Backward compat: pre-Ch.26 checkpoints have no num_kv_heads field and default to num_heads on load — every Part-I .ckpt continues to work unchanged.


26.1 Setup

This chapter assumes Chapter 25 — mygpt/ has precompute_rope_cache, apply_rope, position_type threaded through MultiHeadAttention / TransformerBlock / GPT, and a --position {learned, rope} CLI flag. We are about to add one more knob along the same plan.

ls tinyshakespeare.txt || curl -s -o tinyshakespeare.txt https://raw.githubusercontent.com/karpathy/char-rnn/master/data/tinyshakespeare/input.txt

You are ready.


26.2 What multi-head attention actually spends parameters on

Recall the shape of a single attention layer at our default config (embed_dim = 64, num_heads = 4, head_dim = 16):

Matrix Shape Params
$W_Q$ (64, 64) 4,096
$W_K$ (64, 64) 4,096
$W_V$ (64, 64) 4,096
$W_O$ (64, 64) 4,096
Total   16,384

Note (64, 64) is (embed_dim, num_heads × head_dim) — the projection produces all $H$ heads’ worth of output in one shot, then we reshape into (B, T, num_heads, head_dim). With four layers we are spending $4 \times 16{,}384 = 65{,}536$ parameters just on attention projections.

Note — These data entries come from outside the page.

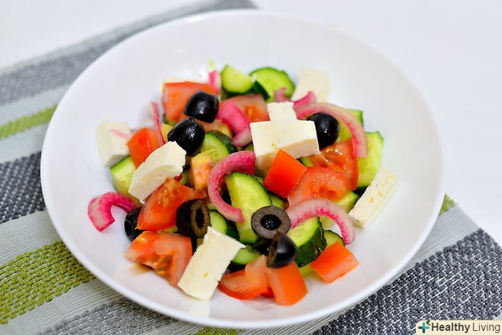 Холодний салат в якості літньої закуски.ці салати вимагають свіжих якісних інгредієнтів. По можливості купуйте їх в магазині в той же день, коли збираєтеся готувати. Помідори чудово поєднуються з різними овочами. Ось кілька прикладів:- Грецький салат: 2-4 помідори (розрізати на вісім частин), 1 великих огірка (нарізати крупно), 1 маленька червона цибулина (нарізати тонко). Приправте великою кількістю салатної заправки або грецької заправкою з часником, орегано і чорним перцем.[3]
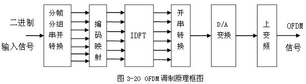 按照上述原理畫出的OFDM調(diào)制原理方框圖如圖3-20所示。在接收端OFDM型號(hào)的解調(diào)過程是其調(diào)制的逆調(diào)制的逆過程,這里不再闡述。
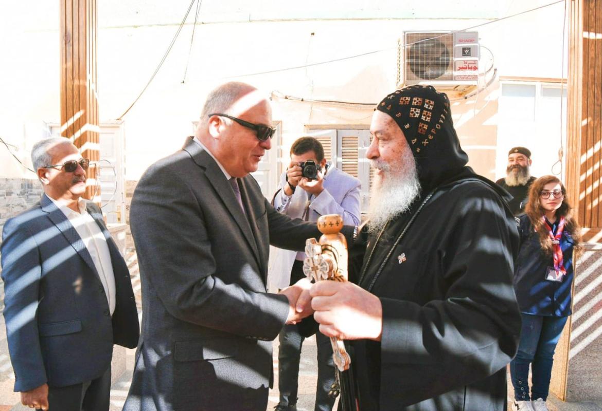 زار اللواء أشرف الداودي محافظ قنا، دير الشهيد مارجرجس بحاجر قرية المحروسة التابعة لمركز قنا لتقديم التهنئة لنيافة ال
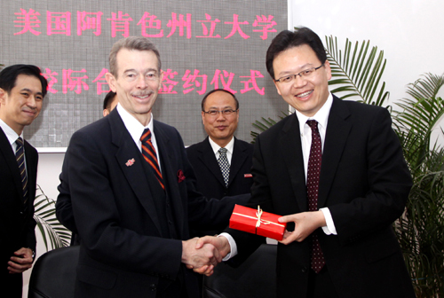 美国阿肯色州立大学常务副校长(Daniel G. Howard)博士、阿肯色州立大学中国部主任沈明华(Stephen Sim)博士等一行应邀于近日专程来我校参观访问,并于5月19日上午在我校长安校区会议室与理事长姜波博士、院长陈明华教授等领导进行了亲切友好的会谈。双方就如何建立友好校际关系、学术交流合作、开展“4+0”、“3+1”模式合作办学事宜充分交换了意见并达成了共识。座谈会结束后,双方签署了《合作交流框架协议书》和《谅解备忘录》。

Two empirical facts about real models point a way to shrink that:

  1. Query heads need to be diverse. Each query head learns a different “what am I looking for?” question. Cutting them down (multi-query attention, MQA) measurably hurts modelling quality.
  2. Key/value heads can be shared. Two query heads can share the same K/V representation — they ask different questions of the same answers. Llama-2 70B, Mistral, and most modern open-weight models use $G = 8$ query heads per KV head with no measurable quality drop versus full multi-head.

GQA is the middle ground: keep all num_heads query heads, use num_kv_heads < num_heads key/value heads, and repeat each KV head $G = \text{num_heads} / \text{num_kv_heads}$ times before the dot-product. The MHA case ($G = 1$, i.e. num_kv_heads = num_heads) and the MQA case ($G = \text{num_heads}$, i.e. num_kv_heads = 1) are both special cases of GQA.


26.3 The shapes, drawn

At num_heads = 4, num_kv_heads = 2, head_dim = 16, sequence length $T$:

Q : (B, num_heads,    T, head_dim)   = (B, 4, T, 16)
K : (B, num_kv_heads, T, head_dim)   = (B, 2, T, 16)
V : (B, num_kv_heads, T, head_dim)   = (B, 2, T, 16)

(repeat K and V along the heads axis by G = num_heads / num_kv_heads = 2)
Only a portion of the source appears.